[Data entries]

##############################

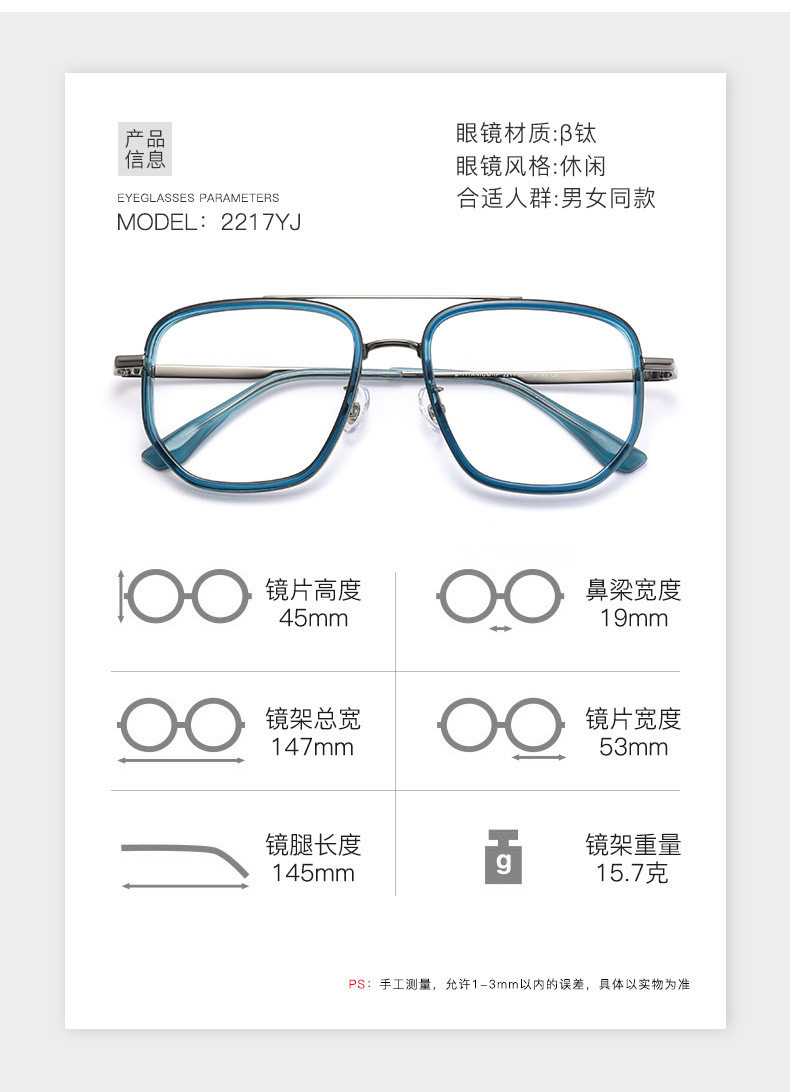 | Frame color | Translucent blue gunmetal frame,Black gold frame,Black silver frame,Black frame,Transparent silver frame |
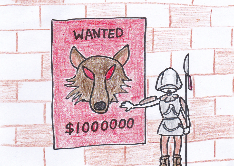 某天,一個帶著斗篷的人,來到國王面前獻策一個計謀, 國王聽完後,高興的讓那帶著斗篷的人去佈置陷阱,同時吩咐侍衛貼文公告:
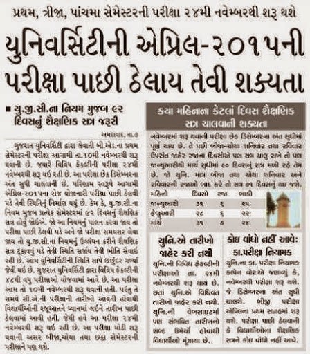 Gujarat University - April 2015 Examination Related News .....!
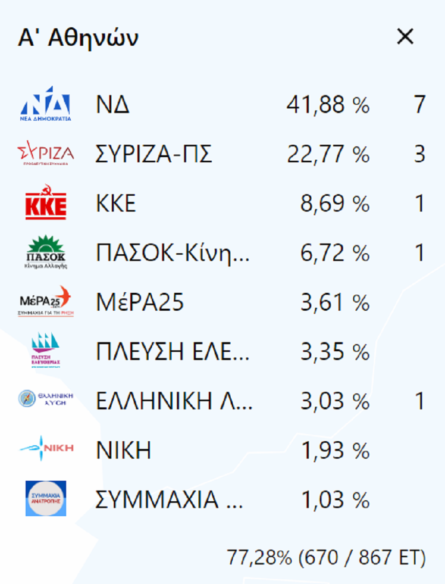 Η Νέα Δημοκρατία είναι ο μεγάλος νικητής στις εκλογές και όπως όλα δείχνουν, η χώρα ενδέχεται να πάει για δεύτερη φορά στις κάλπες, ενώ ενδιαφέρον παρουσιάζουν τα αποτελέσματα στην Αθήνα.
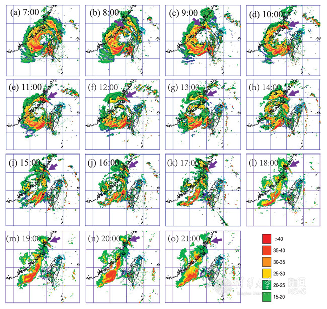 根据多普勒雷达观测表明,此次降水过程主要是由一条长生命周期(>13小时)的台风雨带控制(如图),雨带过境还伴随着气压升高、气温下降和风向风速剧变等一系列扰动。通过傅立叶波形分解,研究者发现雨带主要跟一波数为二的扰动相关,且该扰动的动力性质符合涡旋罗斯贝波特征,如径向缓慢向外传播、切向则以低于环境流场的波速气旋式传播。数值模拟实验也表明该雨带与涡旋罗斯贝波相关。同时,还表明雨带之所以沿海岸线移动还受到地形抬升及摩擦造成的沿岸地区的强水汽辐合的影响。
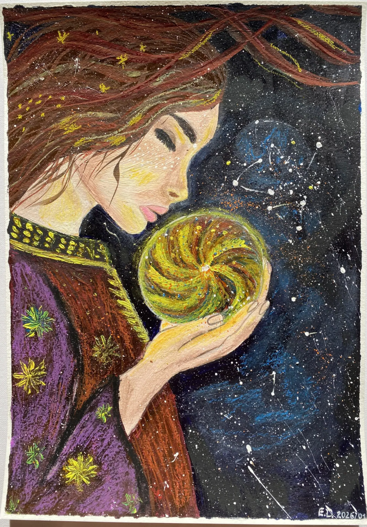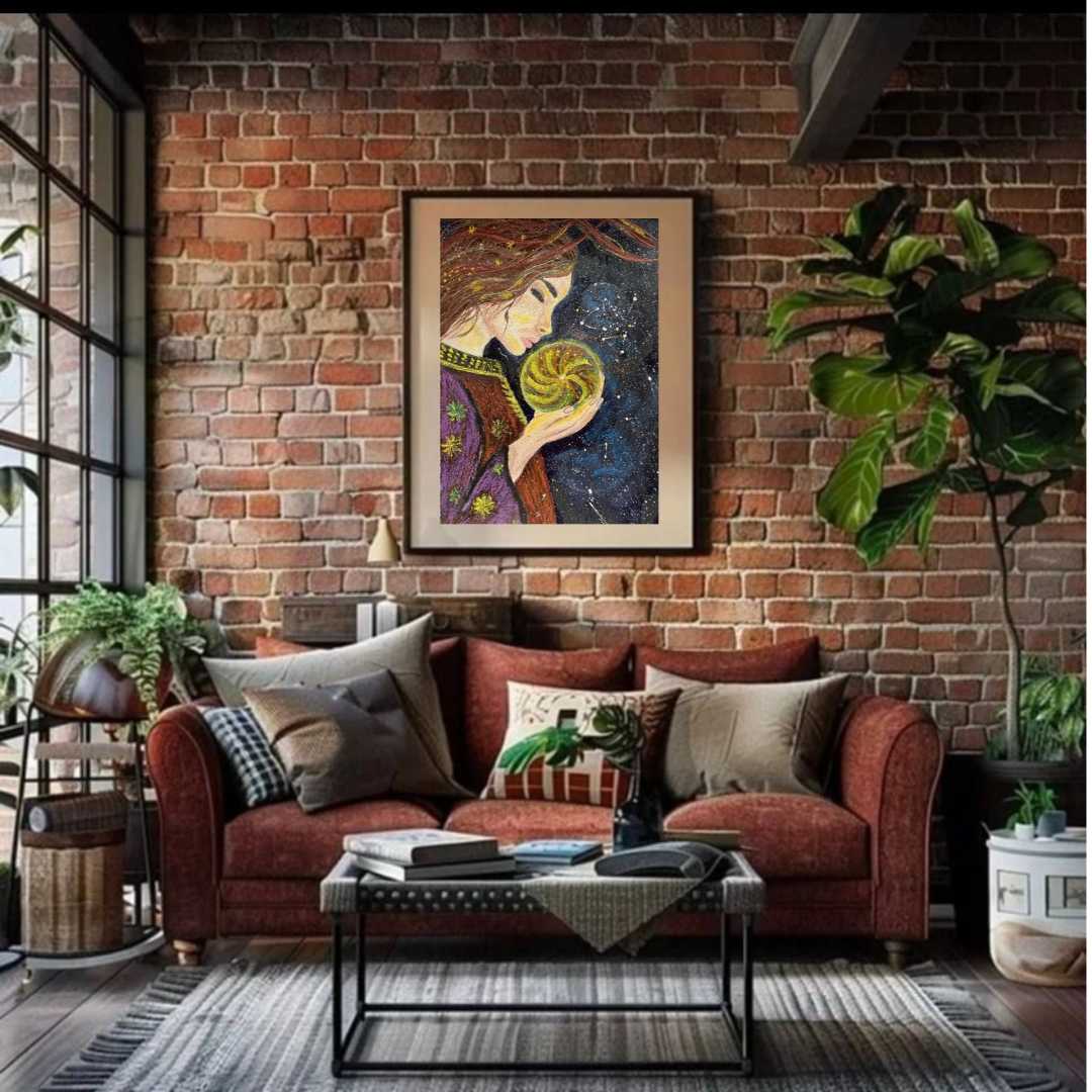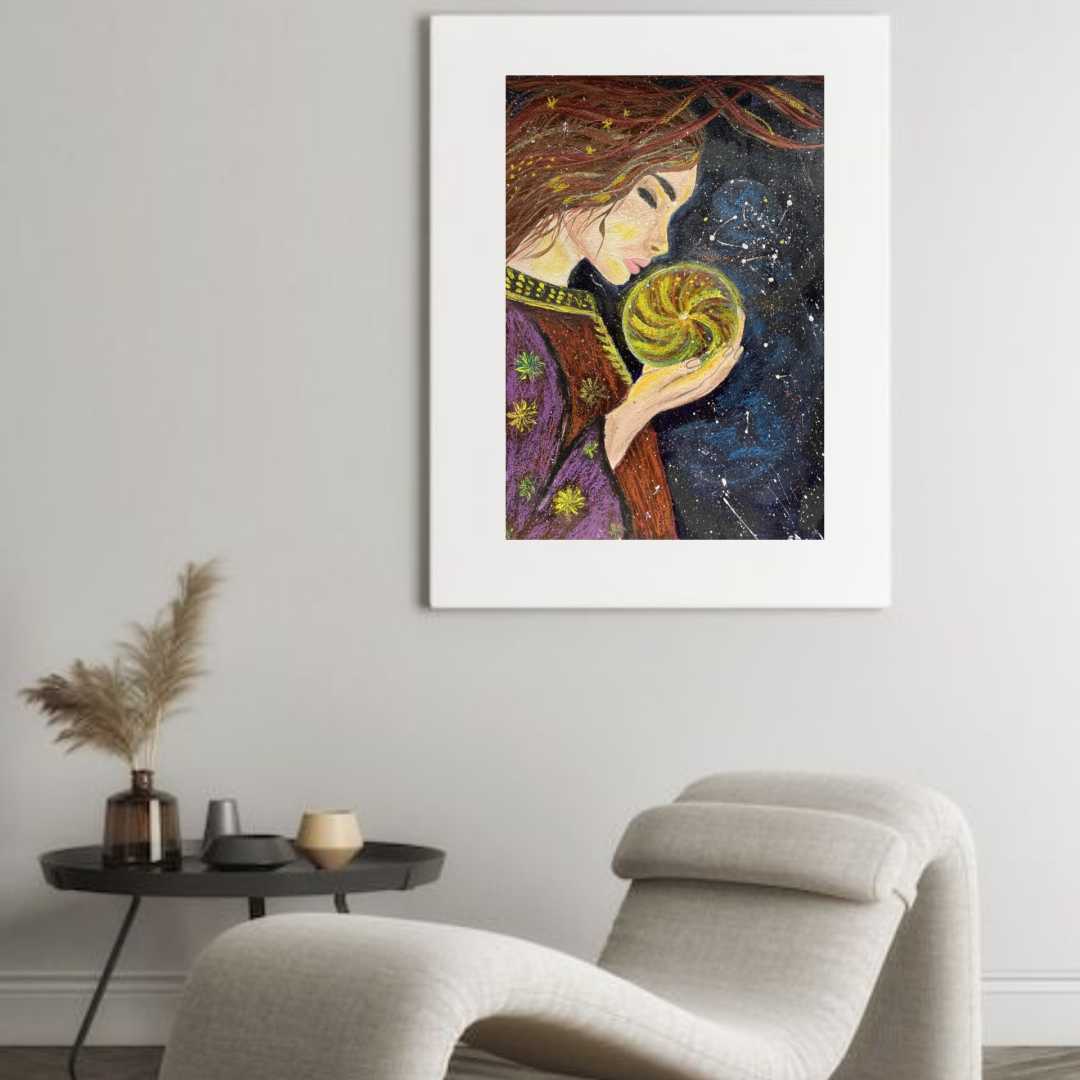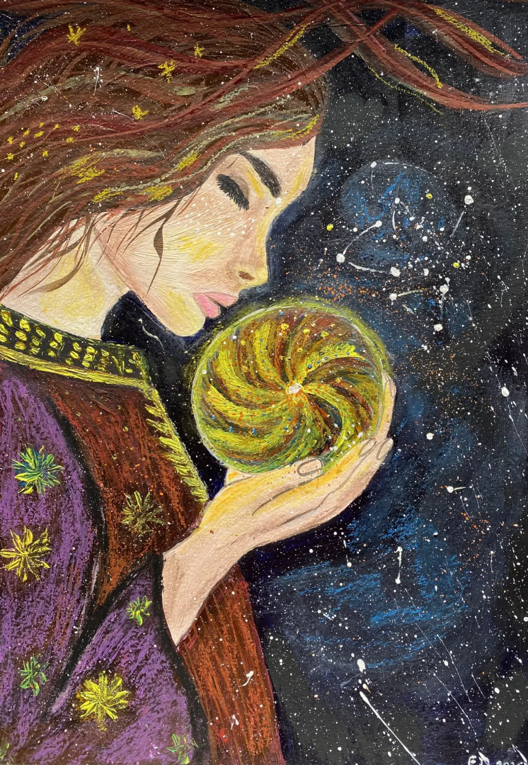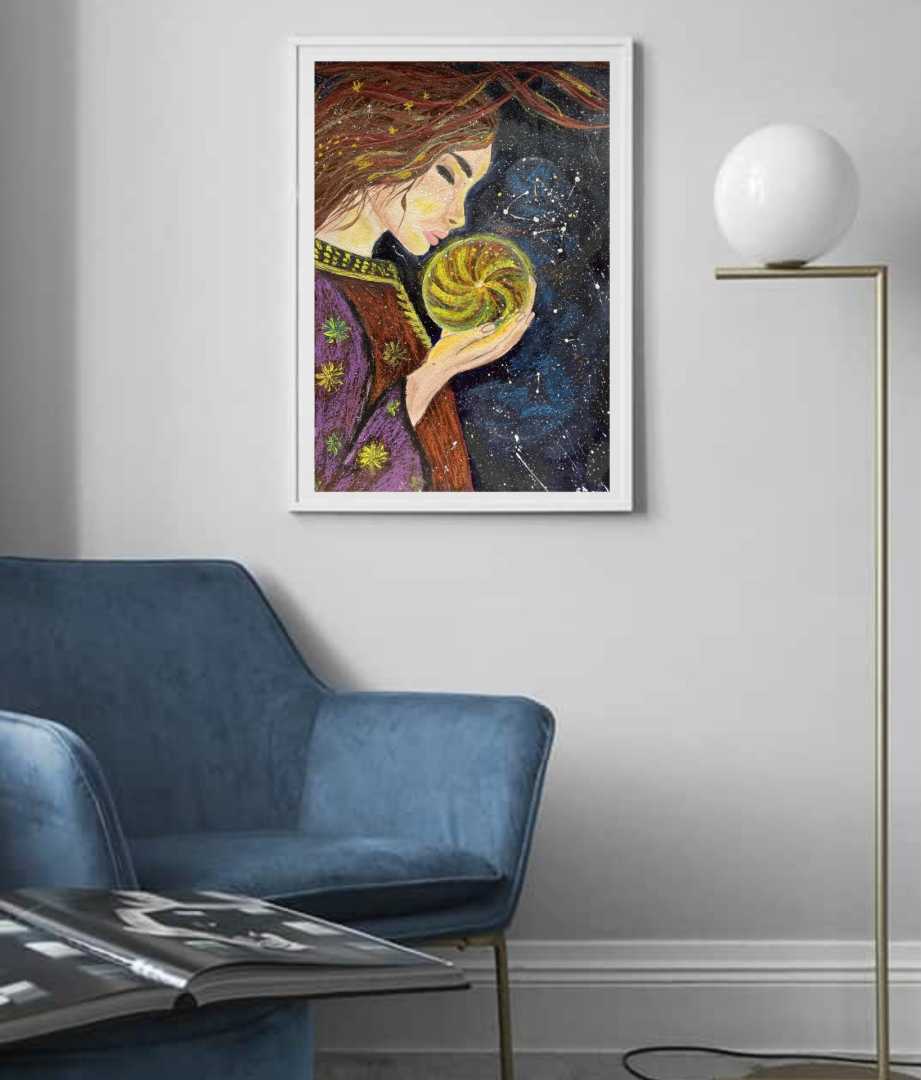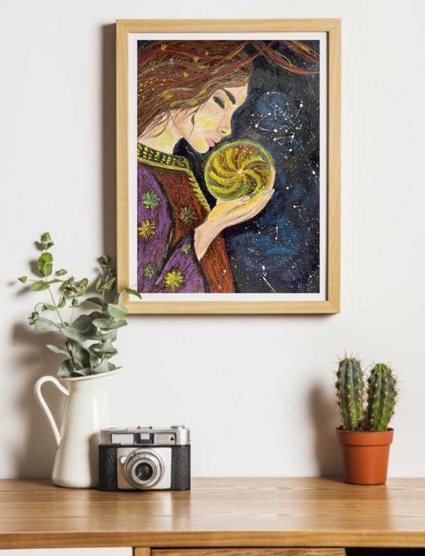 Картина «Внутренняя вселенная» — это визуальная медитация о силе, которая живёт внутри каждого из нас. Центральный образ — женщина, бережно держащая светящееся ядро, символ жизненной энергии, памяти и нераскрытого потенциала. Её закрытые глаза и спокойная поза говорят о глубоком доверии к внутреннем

##############################

*What you are asked to do:* Repeat the records word for word, skipping pictures.

*Response area:*
 | Frame color | Translucent blue gunmetal frame,Black gold frame,Black silver frame,Black frame,Transparent silver frame |
 某天,一個帶著斗篷的人,來到國王面前獻策一個計謀, 國王聽完後,高興的讓那帶著斗篷的人去佈置陷阱,同時吩咐侍衛貼文公告:
 Gujarat University - April 2015 Examination Related News .....!
 Η Νέα Δημοκρατία είναι ο μεγάλος νικητής στις εκλογές και όπως όλα δείχνουν, η χώρα ενδέχεται να πάει για δεύτερη φορά στις κάλπες, ενώ ενδιαφέρον παρουσιάζουν τα αποτελέσματα στην Αθήνα.
 根据多普勒雷达观测表明,此次降水过程主要是由一条长生命周期(>13小时)的台风雨带控制(如图),雨带过境还伴随着气压升高、气温下降和风向风速剧变等一系列扰动。通过傅立叶波形分解,研究者发现雨带主要跟一波数为二的扰动相关,且该扰动的动力性质符合涡旋罗斯贝波特征,如径向缓慢向外传播、切向则以低于环境流场的波速气旋式传播。数值模拟实验也表明该雨带与涡旋罗斯贝波相关。同时,还表明雨带之所以沿海岸线移动还受到地形抬升及摩擦造成的沿岸地区的强水汽辐合的影响。
 Картина «Внутренняя вселенная» — это визуальная медитация о силе, которая живёт внутри каждого из нас. Центральный образ — женщина, бережно держащая светящееся ядро, символ жизненной энергии, памяти и нераскрытого потенциала. Её закрытые глаза и спокойная поза говорят о глубоком доверии к внутреннем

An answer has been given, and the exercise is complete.